**HOW TO COMPLETE THIS TASK**.
Once the line containing "Weste aus einer" is found in the material below, it and every line after it should be transcribed exactly, with pictures left out and nothing added.

**AVAILABLE DATA**.

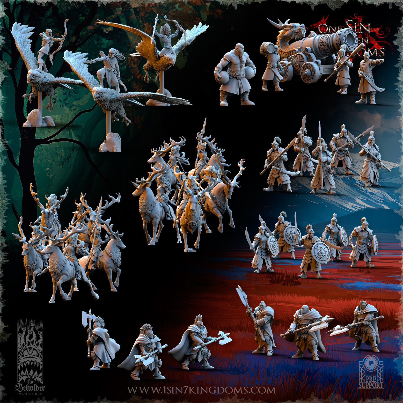 28mm modular elf kings guard. 2 head options and 6 bodies. Arm options for swords, spears and shields. Pre-supported and unsupported included.
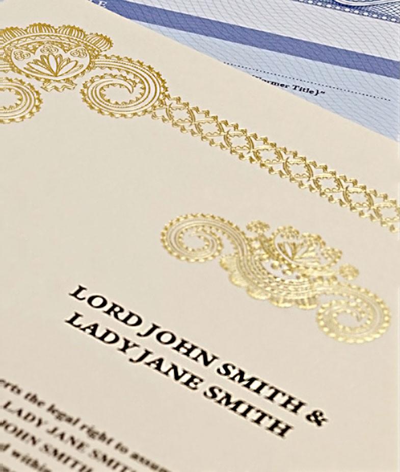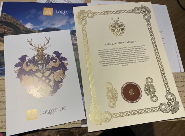 • Юридически оформленные документы (О присвоении Вам 2 титулов Лорд или Леди и права обладания землей).
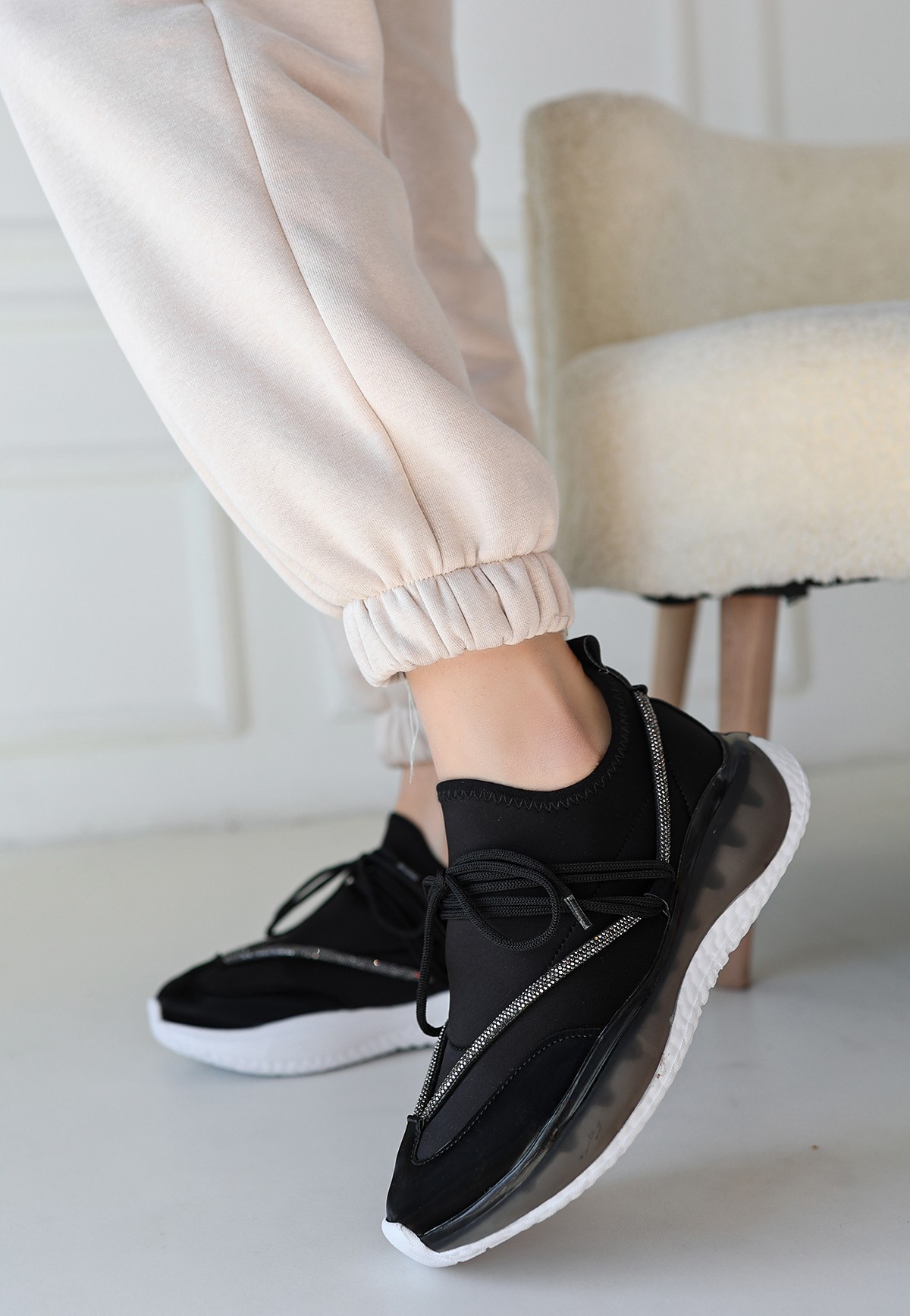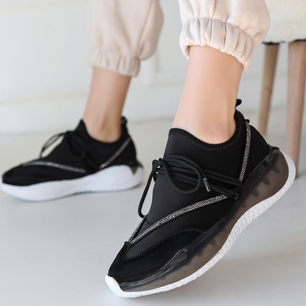 Liney Siyah Rugan Bağcıklı Spor Ayakkabı
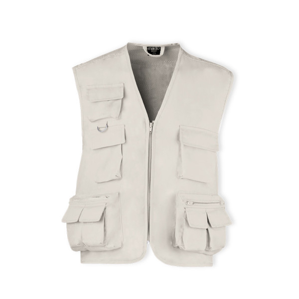 Weste aus einer resistenten Baumwoll/Polyester-Kombination in kräftigen Farben. Mit Reißverschluss, mehreren Vorder- und Seitentaschen mit großem Fassungsvermögen und Klettverschluss sowie Metallring auf der Brust. Erhältlich in den Größen L, XL und XXL.
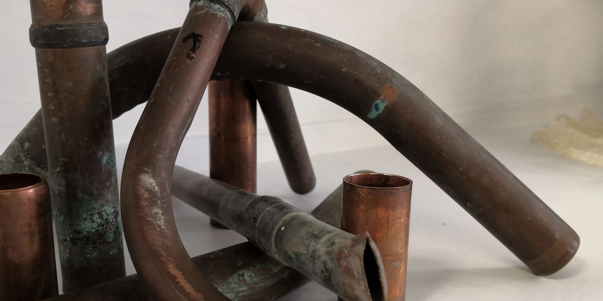 The old shower bathroom pipes showing signs of age, discolouration and rust interlocking and contrasting against the newer pieces of copper. Over time the new will also become old and in a continuous cycle of renovation and regeneration we carry on.
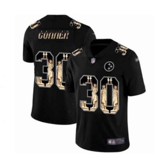 >Men's Pittsburgh Steelers #30 James Conner Limited Black Statue of Liberty Football Jersey
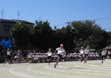 5年生は最速は誰だ!ゴールを目指して、かけぬけます!負けられない戦いがそこにあります。
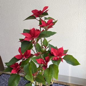 時期ハズレですが。。 一昨年のクリスマス🎄に頂いたポインセチア 短日処理が緩かったのでクリスマス時期には緑でしたが、 ここ最近真っ赤になってきました。 木質化してたくましい感じです😆
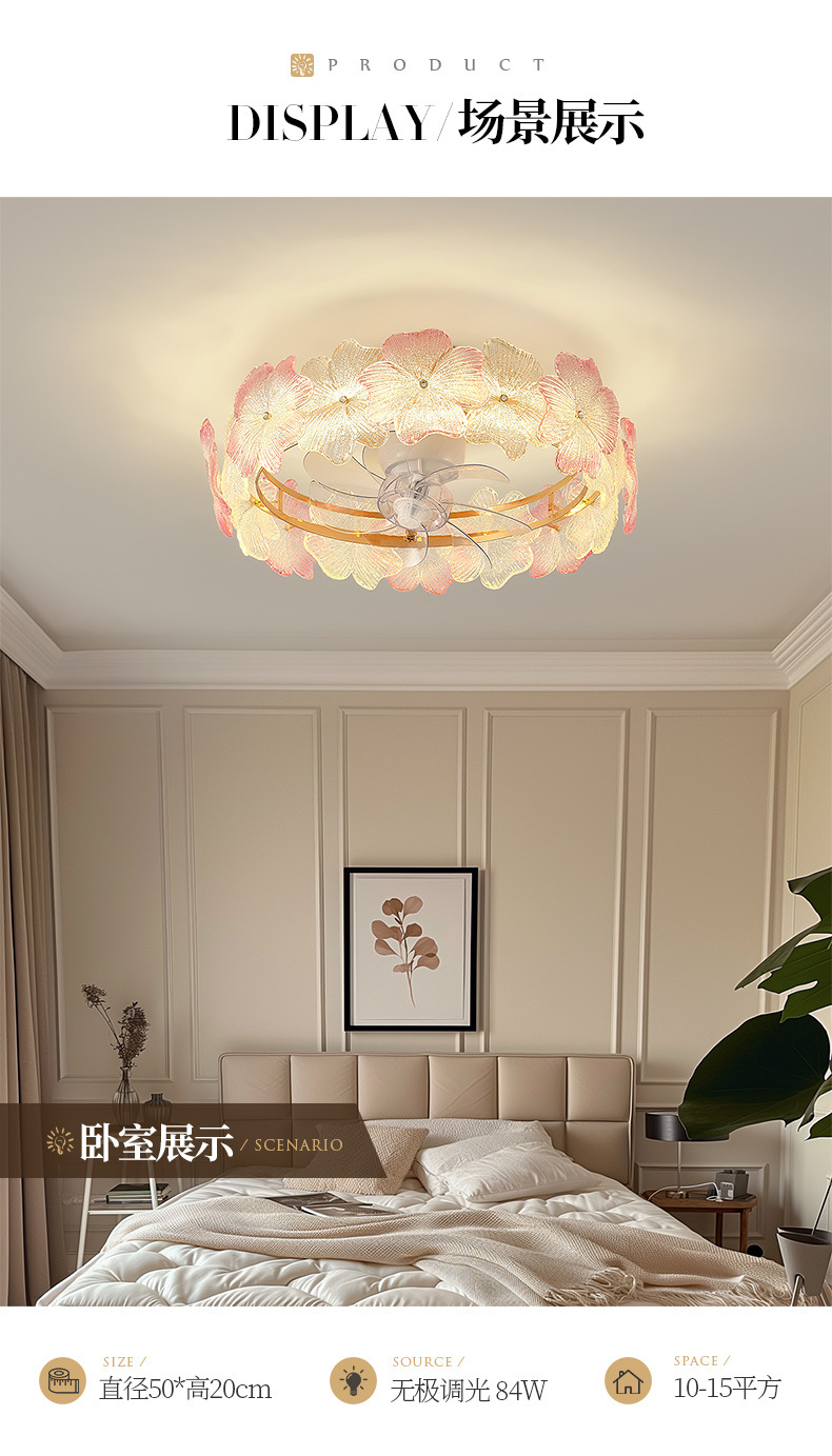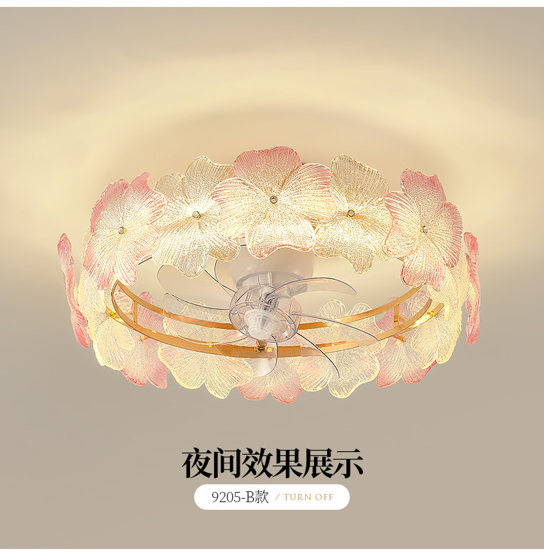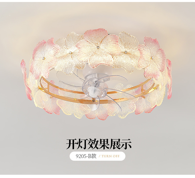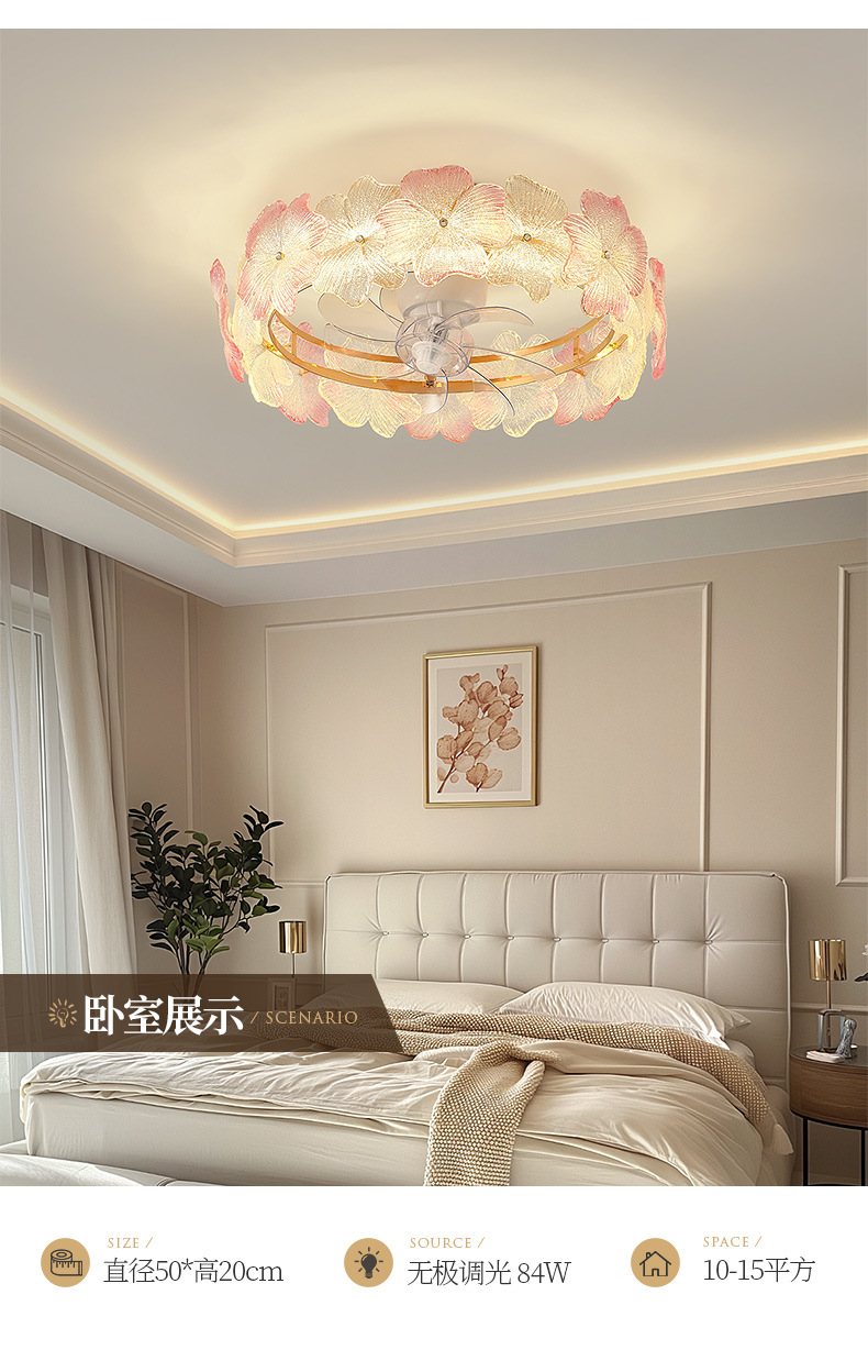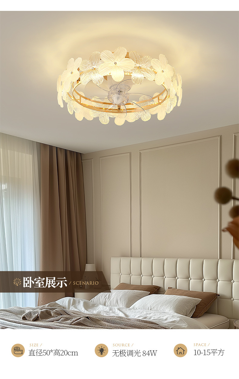 现代简约风扇灯奶油风温馨浪漫花朵吸顶灯房间灯具法式轻奢卧室灯

**RESPONSE**.
 Weste aus einer resistenten Baumwoll/Polyester-Kombination in kräftigen Farben. Mit Reißverschluss, mehreren Vorder- und Seitentaschen mit großem Fassungsvermögen und Klettverschluss sowie Metallring auf der Brust. Erhältlich in den Größen L, XL und XXL.
 The old shower bathroom pipes showing signs of age, discolouration and rust interlocking and contrasting against the newer pieces of copper. Over time the new will also become old and in a continuous cycle of renovation and regeneration we carry on.
 >Men's Pittsburgh Steelers #30 James Conner Limited Black Statue of Liberty Football Jersey
 5年生は最速は誰だ!ゴールを目指して、かけぬけます!負けられない戦いがそこにあります。
 時期ハズレですが。。 一昨年のクリスマス🎄に頂いたポインセチア 短日処理が緩かったのでクリスマス時期には緑でしたが、 ここ最近真っ赤になってきました。 木質化してたくましい感じです😆
 现代简约风扇灯奶油风温馨浪漫花朵吸顶灯房间灯具法式轻奢卧室灯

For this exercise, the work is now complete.